PROVIDED DATA START

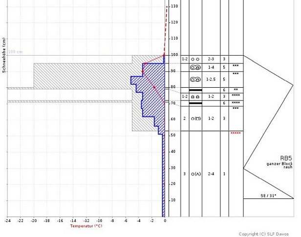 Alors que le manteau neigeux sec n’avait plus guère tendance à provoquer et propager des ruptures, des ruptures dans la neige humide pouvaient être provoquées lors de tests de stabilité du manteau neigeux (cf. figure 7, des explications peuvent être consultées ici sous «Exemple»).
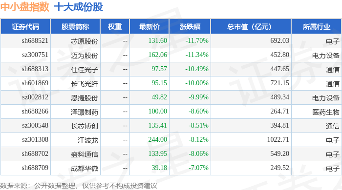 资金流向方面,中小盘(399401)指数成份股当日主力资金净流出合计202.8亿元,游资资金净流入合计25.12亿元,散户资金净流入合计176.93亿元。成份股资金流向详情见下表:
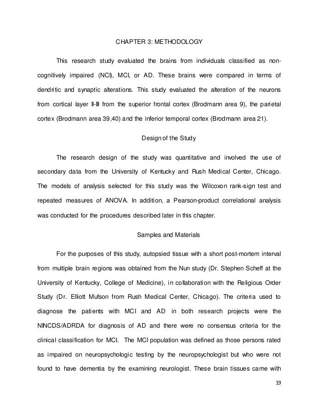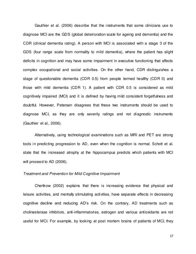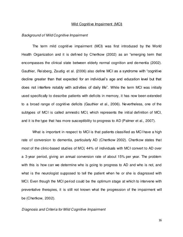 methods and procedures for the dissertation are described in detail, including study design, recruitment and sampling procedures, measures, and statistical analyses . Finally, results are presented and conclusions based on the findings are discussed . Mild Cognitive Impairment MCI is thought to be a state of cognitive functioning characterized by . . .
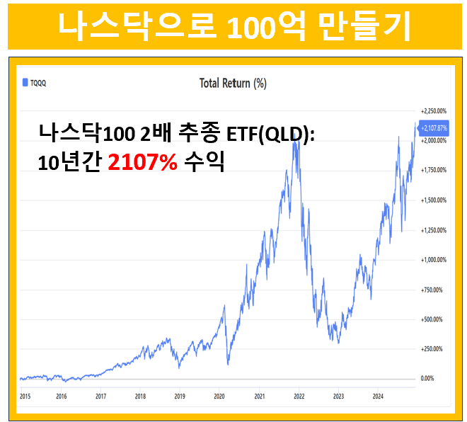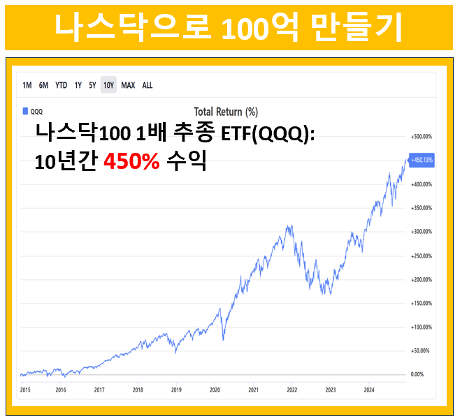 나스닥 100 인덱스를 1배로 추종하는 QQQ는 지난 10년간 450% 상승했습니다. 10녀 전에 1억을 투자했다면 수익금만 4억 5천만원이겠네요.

PROVIDED DATA END
PROVIDED DATA START

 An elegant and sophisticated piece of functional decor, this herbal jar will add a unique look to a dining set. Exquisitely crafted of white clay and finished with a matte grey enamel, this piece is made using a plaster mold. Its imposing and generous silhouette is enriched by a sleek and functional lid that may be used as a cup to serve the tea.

PROVIDED DATA END
PROVIDED DATA START

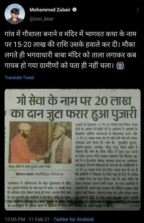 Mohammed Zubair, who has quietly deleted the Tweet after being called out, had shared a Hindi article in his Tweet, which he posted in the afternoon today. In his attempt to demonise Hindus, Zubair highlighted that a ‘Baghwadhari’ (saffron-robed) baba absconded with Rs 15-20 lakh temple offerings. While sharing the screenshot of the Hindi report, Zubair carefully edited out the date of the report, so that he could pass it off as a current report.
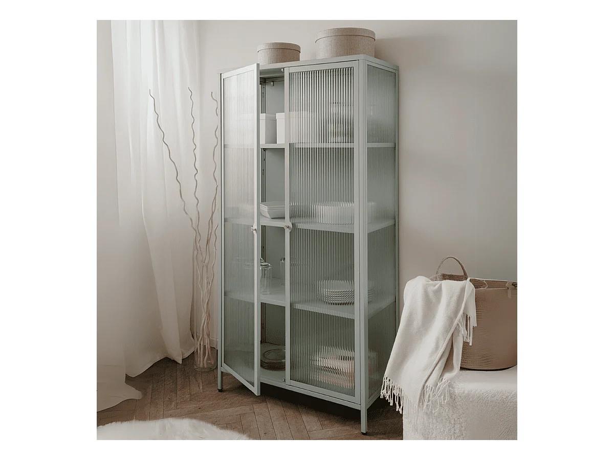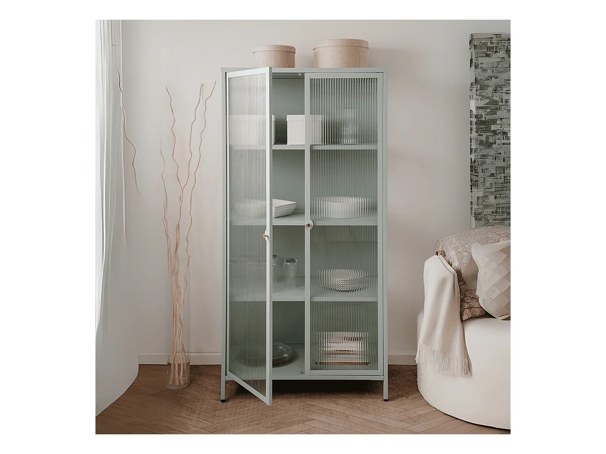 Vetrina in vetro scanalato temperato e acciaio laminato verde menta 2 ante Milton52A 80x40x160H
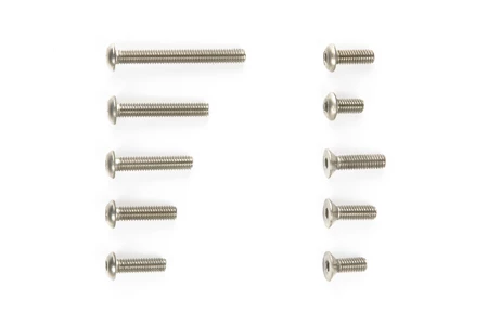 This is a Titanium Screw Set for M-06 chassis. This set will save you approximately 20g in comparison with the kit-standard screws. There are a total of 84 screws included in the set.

PROVIDED DATA END

### DIRECTIONS
Transcribe, exactly and without pictures, everything in the data from the line with "methods and procedures" down to the line with "나스닥 100 인덱스를", both included.

### OUTPUT OF THE EXERCISE
 methods and procedures for the dissertation are described in detail, including study design, recruitment and sampling procedures, measures, and statistical analyses . Finally, results are presented and conclusions based on the findings are discussed . Mild Cognitive Impairment MCI is thought to be a state of cognitive functioning characterized by . . .
 나스닥 100 인덱스를 1배로 추종하는 QQQ는 지난 10년간 450% 상승했습니다. 10녀 전에 1억을 투자했다면 수익금만 4억 5천만원이겠네요.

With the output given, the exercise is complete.